Last Dec. 25 in this column, I hailed as a big victory against impunity the recent sentencing to life imprisonment of Argentina’s former dictator, Gen. Jorge Videla, 85, for the murder of dissidents during that country’s “dirty war” (1976-1983).

It turns out that wasn’t the only pre-Christmas judicial victory in the long campaign to end impunity in Latin America and elsewhere in the world.

One week earlier, on Dec. 15, the Inter-American Court of Human Rights (IACHR) ruled that the Brazilian state was responsible for the forced disappearance of 62 alleged members of the leftist Araguaia guerrilla movement that the military suppressed in 1972-74. The court said the Brazilian government “must investigate, prosecute and punish the perpetrators involved in the Araguaia case, find and identify the bodies of the disappeared, and make amends to the surviving relatives.”

The IACHR further directed the Brazilian government to: 1) release the archived information on the Araguaia case and other instances of human rights violations; 2) enact legislation, within a reasonable time, providing for sanctions on forced disappearances; 3) set US$45,000 as payment for “immediate harm” to each relative of the victims, US$15,000 to non-direct relatives, US$3,000 for “cost of search” to each relative, and US$45,000 as payment to the three NGOs that filed the complaint for the victims.

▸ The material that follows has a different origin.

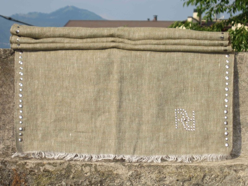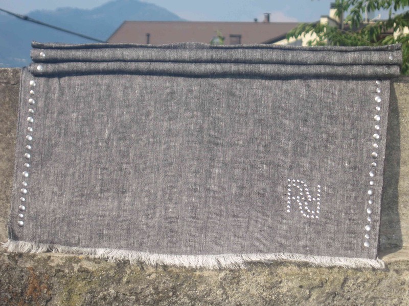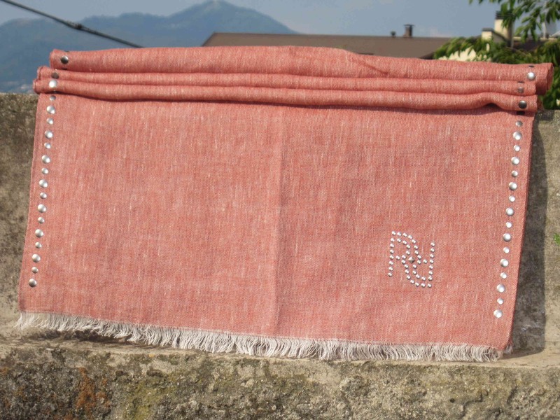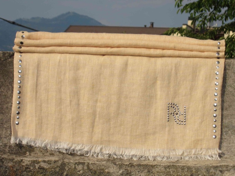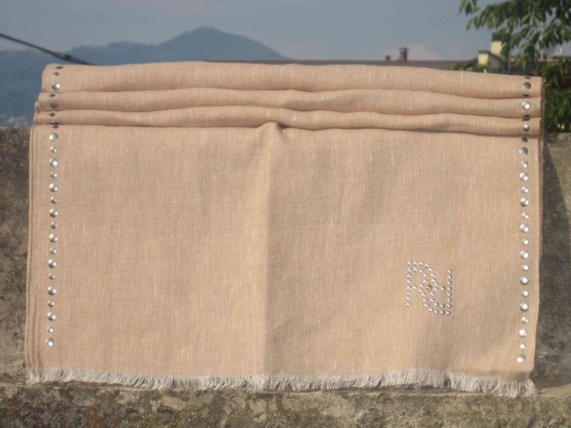 Sciarpa in Lino e Lana di peso medio/leggero, calda, avvolgente con logo borchiato e borchie sui lati.
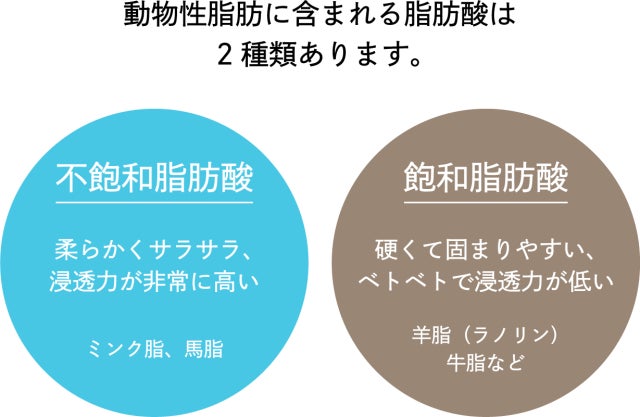 動物性脂肪に含まれる不飽和脂肪酸は、オイルの浸透力の指標となる成分です。

More significantly, the IACHR struck down the Brazilian Amnesty Law of 1979 as being “incompatible with Brazil’s commitments under the American Convention on Human Rights,” which came into force in 1978. This law barred the prosecution of both government officials and leftist militants who had committed politically-related crimes during the 1964-1985 military dictatorship. Ironically, the Brazilian Supreme Court only recently upheld the constitutionality of the amnesty law, which every post-dictatorship government has respected.

Reacting to this trail-blazing court ruling, the Brazilian government’s National Human Rights Secretariat stated that the government would comply with the court’s orders, and that the Brazilian Congress is considering a bill to create a Truth Commission to handle the investigations.

Whether the IACHR ruling had influenced the Argentinian court to convict and consign Videla in prison for the rest of his life can’t be immediately ascertained. However, the impact of the ruling on the Argentine victims and the severity of the sentence cannot be overstressed. For the fact is, after the fall of Videla’s dictatorship, extrajudicial killings committed by state security forces continued under the first democratically-elected president, Raul Alfonsin.

In the case of Brazil, the IACHR decision certainly came as a boost for the ruling Workers’ Party, whose co-founder (with the highly popular former President Inacio Lula da Silva), Jose Genoimo, is one of the 20 survivors of the Araguaia crackdown. The new president, Dilma Rousseff, herself survived torture as a captured guerilla fighter in the 1970s.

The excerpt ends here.